Top ten media agencies
Rank Agency Gross income Operating profit Operating profit margin on gross income
Latest Change Latest (£000s) Change (%) Latest (£000s) Change (%)
1 Aegis Media 162,361 4.4 14,399 -52.5 8.9 19.5
2 MediaCom UK 76,854 6.4 8,744 -6.4 11.4 12.9
3 OMD Group 68,602 13.0 17,315 9.8 25.2 26.0
4 Mindshare Media (UK) 65,382 -0.9 5,366 -52.5 8.2 17.1
5 PG Media Services 45,219 6.0 8,892 9.7 19.7 19.0
6 ZenithOptimedia 35,335 9.4 7,934 40.1 22.5 17.5
7 Mediaedge:cia UK 33,197 16.7 5,769 45.5 17.4 13.9
8 PHD Media 28,382 11.1 6,757 25.7 23.8 21.0
9 Media Planning 26,759 -0.5 2,428 -36.5 9.1 14.2
10 Carat Media UK 22,681 15.5 8,721 22.1 38.5 36.4

The top 30 media buyers reviewed in the latest Kingston Smith W1 survey continued to operate in tough trading conditions, and it showed – there was a large reduction in average operating profit margins. For competitive reasons, ad agencies invested heavily in staff, but their increase in gross income was not enough to compensate, leading to average operating profit margins reducing from 19.5 per cent in last year’s survey to 14.9 per cent – the lowest level recorded since 1995.
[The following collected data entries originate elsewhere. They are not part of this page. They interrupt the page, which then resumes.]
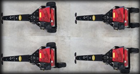
Multiple rear wheel positions
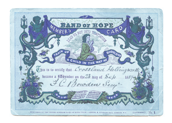
Figure 4. Band of Hope Pledge Card, 1889. 'Train up a child in the way he should go'.

All are agreed that one cannot accomplish in one scientific lecture what can be achieved by systematic teaching in a Band of Hope, in which instruction is given by devoted Christian men and men who are able to deal with the moral and spiritual sides of the question and to direct their personality upon winning the friendship and confidence of their charges. A lasting loyalty is engendered in the heart of the child, and this is strengthened by the signing of the pledge.22
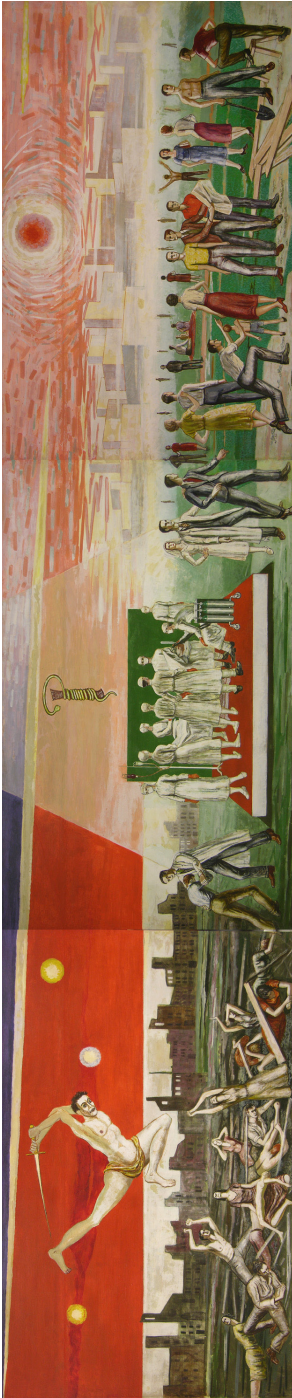
Plate 3: Miller Brittain, The Place of Healing in the Transformation from War to Peace (1954), 156 x 729 cm. Collection of Horizon Health Network, reproduced with the permission of the estate of Miller Gore Brittain.
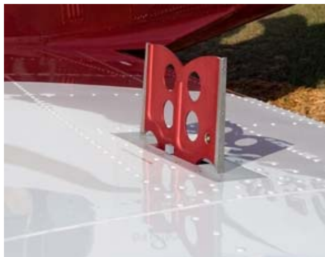
Precise Flight's Speed brakes deployed

About 40 miles out, the red Left Fuel Low annunciator sign came on. OK, that works. I switched to the right tank which had over an hour's worth in it. On this particular flight direction, we had to clear some pretty high hills just before descending into the valley area where the Tehachapi airport is located. With the airport in sight five miles away, and 4 or 5 thousand feet to descend, I got to have some fun. I announced my position on 123.0, turned the autopilot off, reduced power, popped up the red speed brakes, rolled over into a 45-degree bank, pointed the nose at the dirt, and dropped like a rock. 1700 fpm baby. I would never do this with most of the people that go with me. It would scare them. Sofie was having fun. She told me later that it was the high point of that leg of flight.
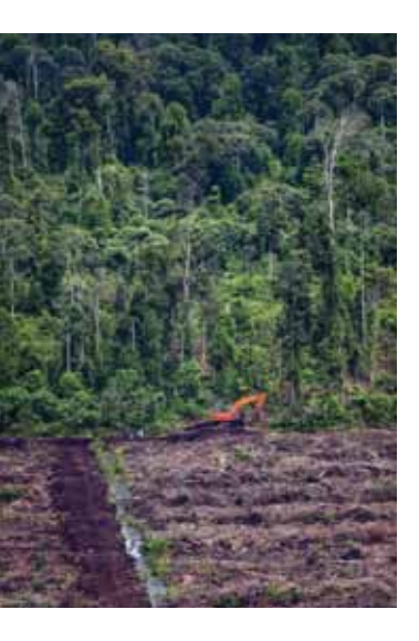
May 2013, Riau An excavator at the rainforest's edge in recently cleared peatland within the Duta Palma group's PT. Bertuah Aneka Yasa oil palm concession.
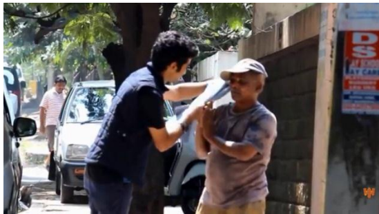
These are few snap shots of the videos we made for spreading awareness and happiness among the people.

Now a days the best way to reach more and more people is internet so we at Human Helping Hands thought we can educate and create awareness among people through some online tools like YouTube and blogs. We made few clips which encourage people to come out and help others who are in need and then we made videos about children education and child labor to create awareness among public which has reached more than 1000 people through our Facebook page. We look forward to keep up these works and make many more videos.
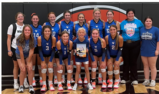
Burkburnett Cool in Boomtown Tournament Champions

"We have been off to a great start already this season and hope to become more consistent as the season progresses. Our JV Blue team is off to a 4-0 start and our JV White team is 2-1 so far. All teams are very competitive and also such a fun group of girls to coach."
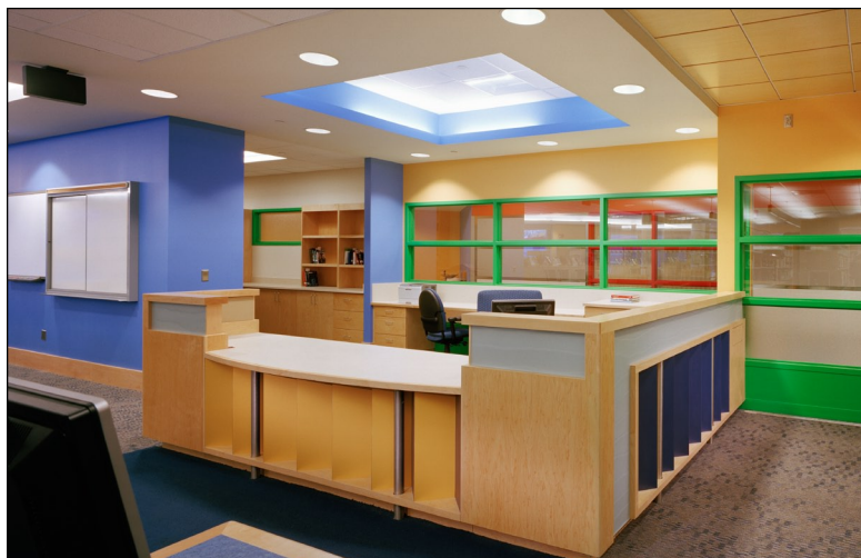
Lamin-Art's Pearlescence 2409 Brilliant Gold
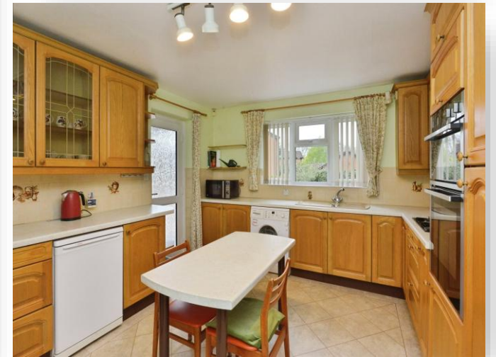
Badgemore Court, Two Mile Ash Milton Keynes MK8 8AF
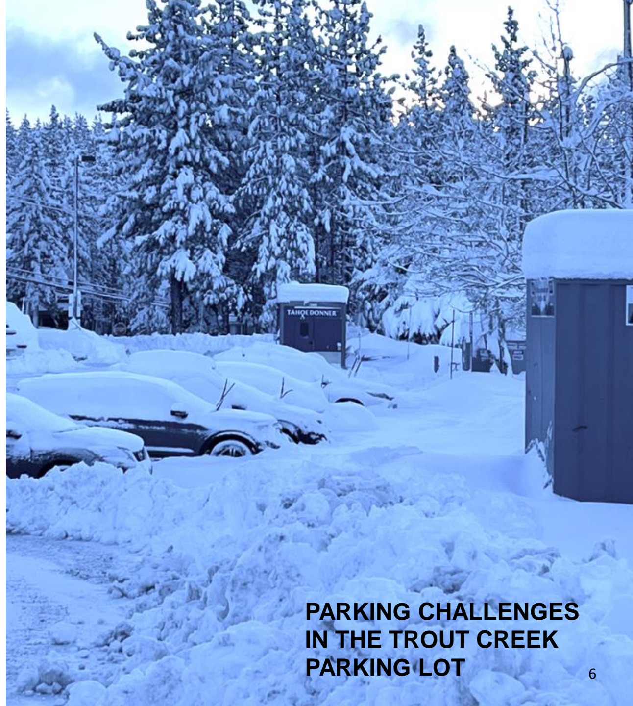
PARKING CHALLENGES IN THE TROUT CREEK PARKING LOT
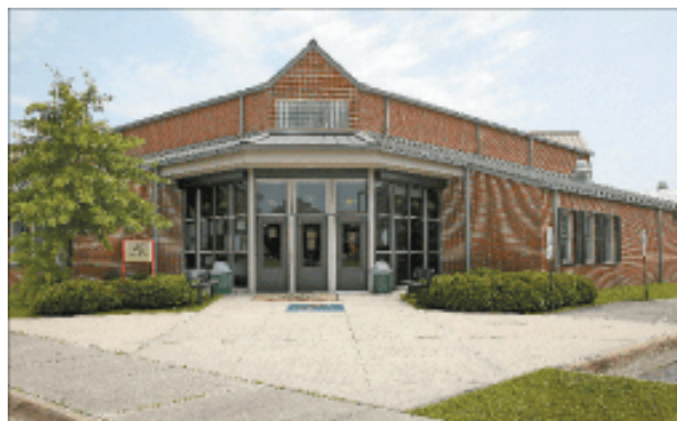
Cherry Tree House: Bldg. 4415 "C" Street (252) 466-3769
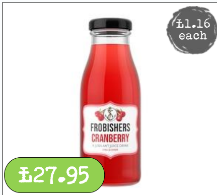
Jubilant Juice- Cranberry 24 x 250ml
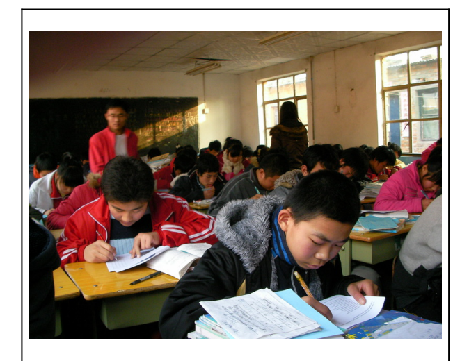
Ninth-grade migrant students participating in our survey.

In 2008, there were 405,000 migrant children in Beijing; there were 385,703 in Shanghai in 2006 (Cheng 2008; Tian and Wu 2009). These are the most recent official figures to have been made publicly available. However, conservative estimates put the current number of migrant children in Beijing and Shanghai at about 700,000 in each city. A survey in Beijing conducted in 2000 found that 72 per cent reported living with their spouses. In addition, over 36 per cent of those who lived with a spouse in Beijing had children studying locally (Chen & Liang 2007). An increasing proportion of migrant children were born in Beijing. Han (2007) found that the proportion more than tripled, from 5 per cent in 2000 to 16.2 per cent five years later.
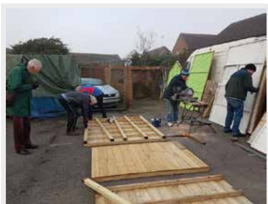
19 January 2017. With Dave Gardner's guidance we all had a job to do.
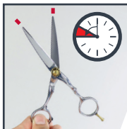
Blades hardly overlap at all: false
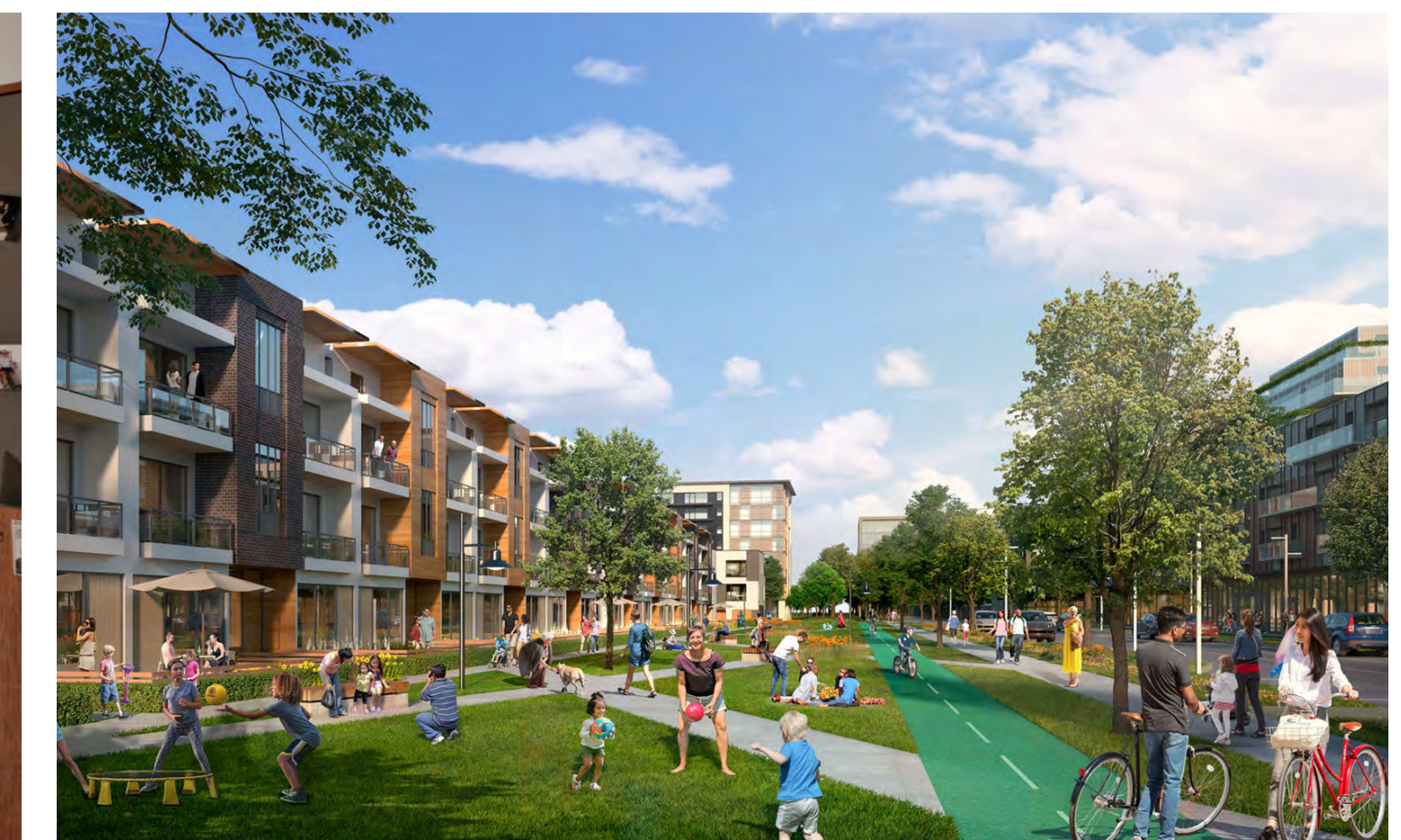
Invest in graduate, family, and workforce housing
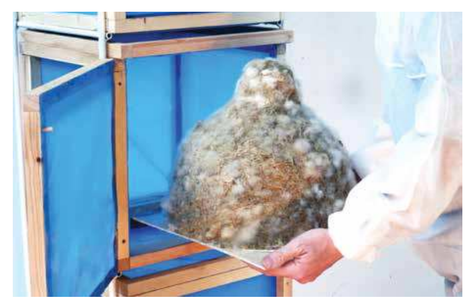
MYX LAMP by JONAS EDVARD
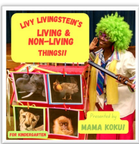
GSE: SKL1; SKL2; ELAGSEKSL2
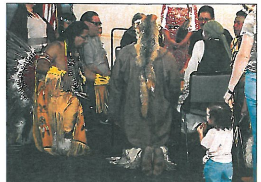
Native American dancers and musicians drum together at Rawlings Library during October's All Pueblo Reads.
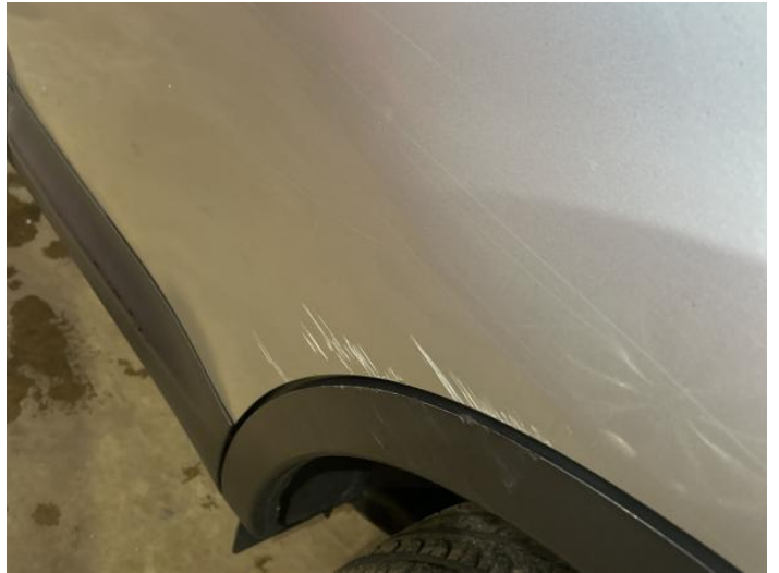
10: Door nsr Dented With Paint Damage
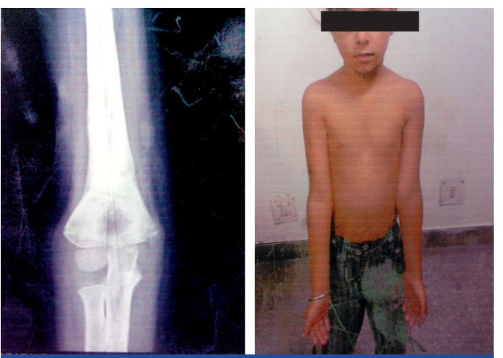
[Table/Fig-7]: Final follow-up X-ray and clinical photo.
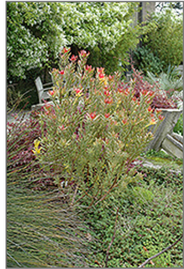
Safari Sunset Conebush

This plant is not reliably hardy in our region, and certain restrictions may apply; contact the store for more information.
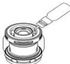
Fill with liquid
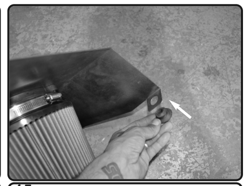
15. Install the grommet from step 9 to the lower tab with hole cut out on heatshield.
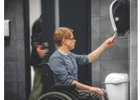
The dispensers are also easier to use for the physically impaired.
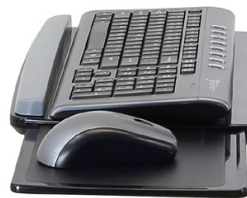
45-384-026 (polished aluminum)
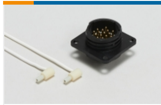
Circular Power Connectors(2)
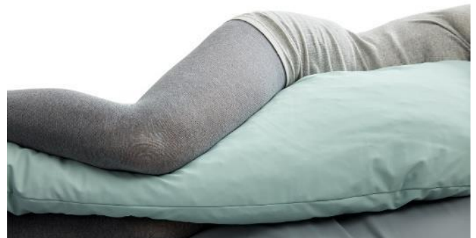
Cobi Flexi cushion along the front of the body.

70%) or a chlorine product 1000-1200 ppm (e.g., Wet Wipe Chlorine Desinfection).
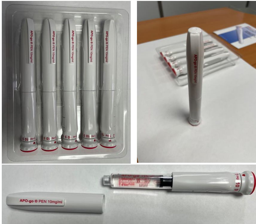
Table 2: Comparison of outer and inner labels of UK-labelled APO-go PEN and Movapo (previously marketed in Canada)
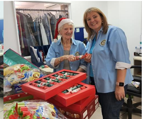
Riverside Rotary Anns looked after the children, elderly and homeless with the Christmas hampers they made. Delivering the hampers. And then they enjoyed a well-deserved rest and excellent meal.
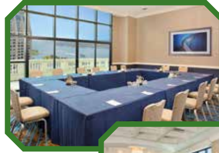
MEETING/ EVENT OPTIONS AT THE MANCHESTER GRAND HYATT SAN DIEGO
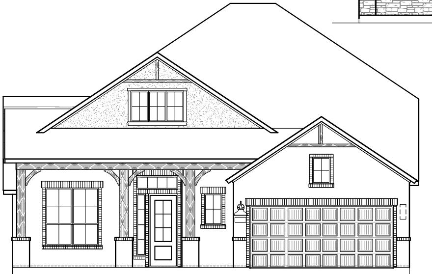
FRONT ELEVATION 'B1' ALL BRICK W/ STUCCO OPTION
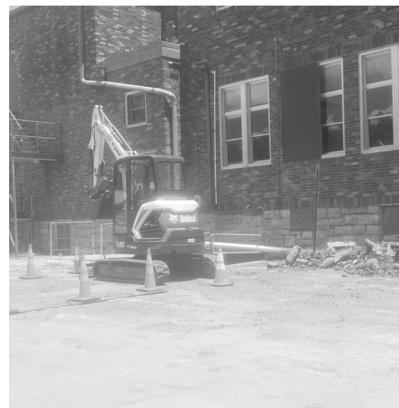
The back of old Junction Grade School in Turner. All ready for some work this summer.

Aegis Media, due to its size, does impact significantly on the average ratios and itself reported a 52.5 per cent fall in operating profit, which certainly helped drag down the overall margin figure. However, even excluding Aegis, average margins dropped from 18.5 per cent in last year’s survey to 16.5 per cent. Indeed, we are not even able to take comfort in the reduction being confined to a few, as more than half of the top 30 media buyers suffered a decrease in their margins.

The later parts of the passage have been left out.